--- RECORDS SUPPLIED ---
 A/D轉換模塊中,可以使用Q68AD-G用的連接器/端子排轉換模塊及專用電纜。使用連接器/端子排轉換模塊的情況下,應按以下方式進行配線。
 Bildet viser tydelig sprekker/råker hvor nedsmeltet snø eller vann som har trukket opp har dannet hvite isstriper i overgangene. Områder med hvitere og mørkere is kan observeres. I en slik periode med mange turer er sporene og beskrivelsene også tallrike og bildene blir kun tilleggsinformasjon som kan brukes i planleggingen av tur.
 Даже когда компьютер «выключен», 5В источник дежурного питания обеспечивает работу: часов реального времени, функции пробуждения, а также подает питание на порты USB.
---
--- RECORDS SUPPLIED ---
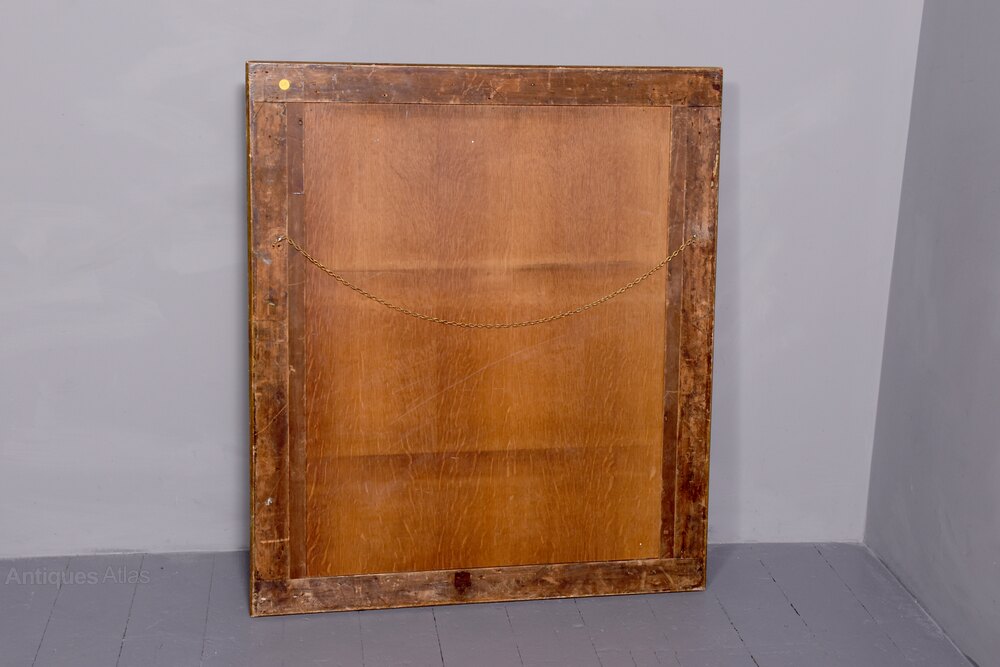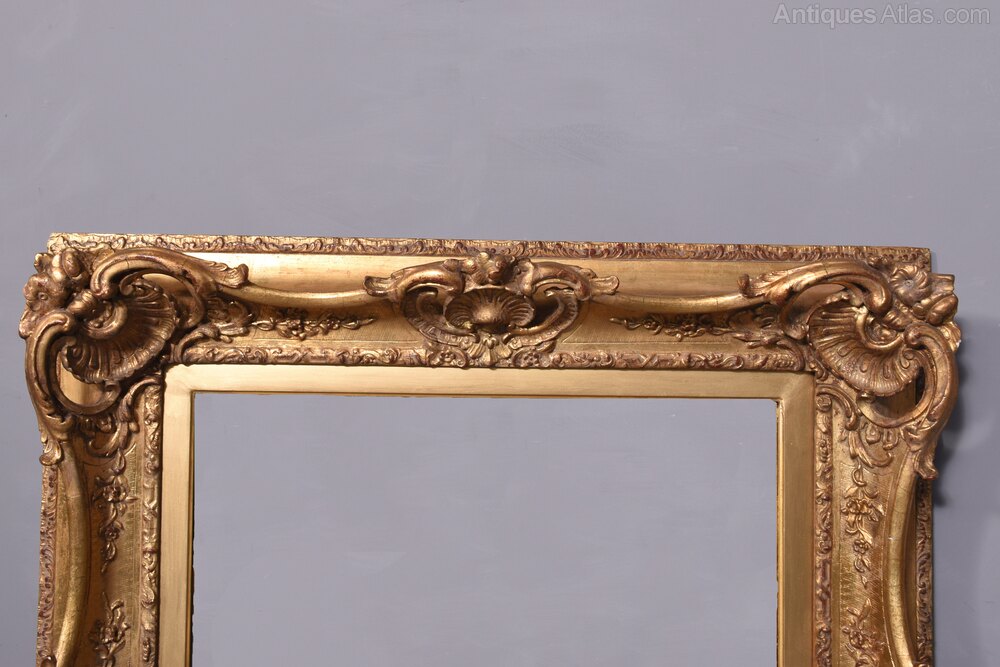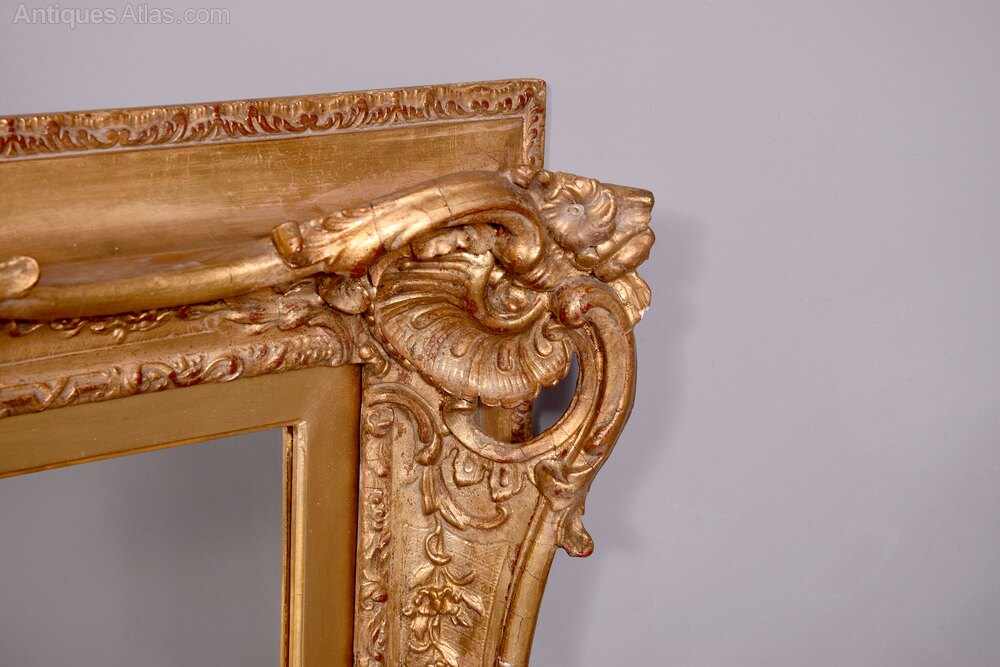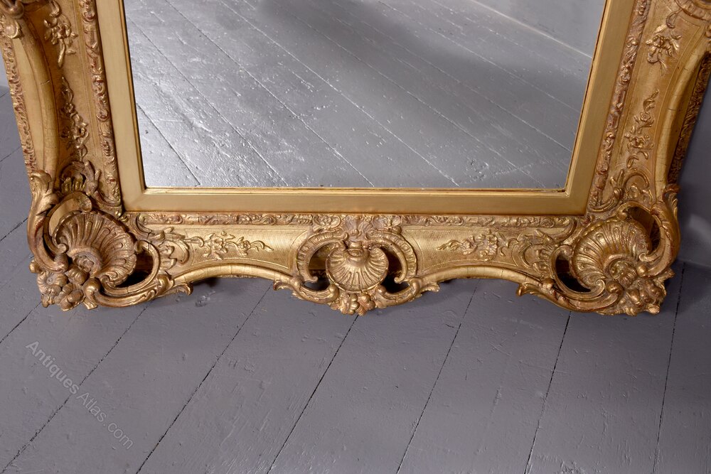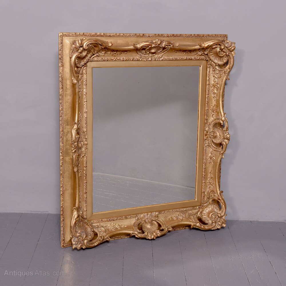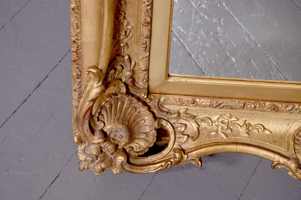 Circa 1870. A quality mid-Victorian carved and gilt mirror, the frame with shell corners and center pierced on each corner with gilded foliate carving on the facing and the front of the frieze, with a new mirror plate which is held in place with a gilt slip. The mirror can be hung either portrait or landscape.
---
--- RECORDS SUPPLIED ---
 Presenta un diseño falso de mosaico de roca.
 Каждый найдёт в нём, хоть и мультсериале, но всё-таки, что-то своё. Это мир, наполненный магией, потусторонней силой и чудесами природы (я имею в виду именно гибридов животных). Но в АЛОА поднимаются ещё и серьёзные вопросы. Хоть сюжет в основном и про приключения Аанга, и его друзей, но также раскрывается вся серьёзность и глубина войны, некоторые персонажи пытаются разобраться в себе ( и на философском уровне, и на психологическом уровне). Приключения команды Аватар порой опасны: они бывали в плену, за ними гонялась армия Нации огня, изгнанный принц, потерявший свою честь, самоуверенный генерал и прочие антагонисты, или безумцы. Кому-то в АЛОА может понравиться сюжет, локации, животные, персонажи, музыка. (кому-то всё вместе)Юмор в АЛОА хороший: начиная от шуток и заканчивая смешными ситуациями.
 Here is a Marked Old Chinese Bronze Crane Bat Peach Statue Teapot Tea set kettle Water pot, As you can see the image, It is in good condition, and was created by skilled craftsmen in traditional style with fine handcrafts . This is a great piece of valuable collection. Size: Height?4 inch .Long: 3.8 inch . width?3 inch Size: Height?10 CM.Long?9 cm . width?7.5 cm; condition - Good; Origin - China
---
> _TASK GOAL_:
Among the lines above, count those containing "также" and give only that count.

> _TASK SOLUTION_:
2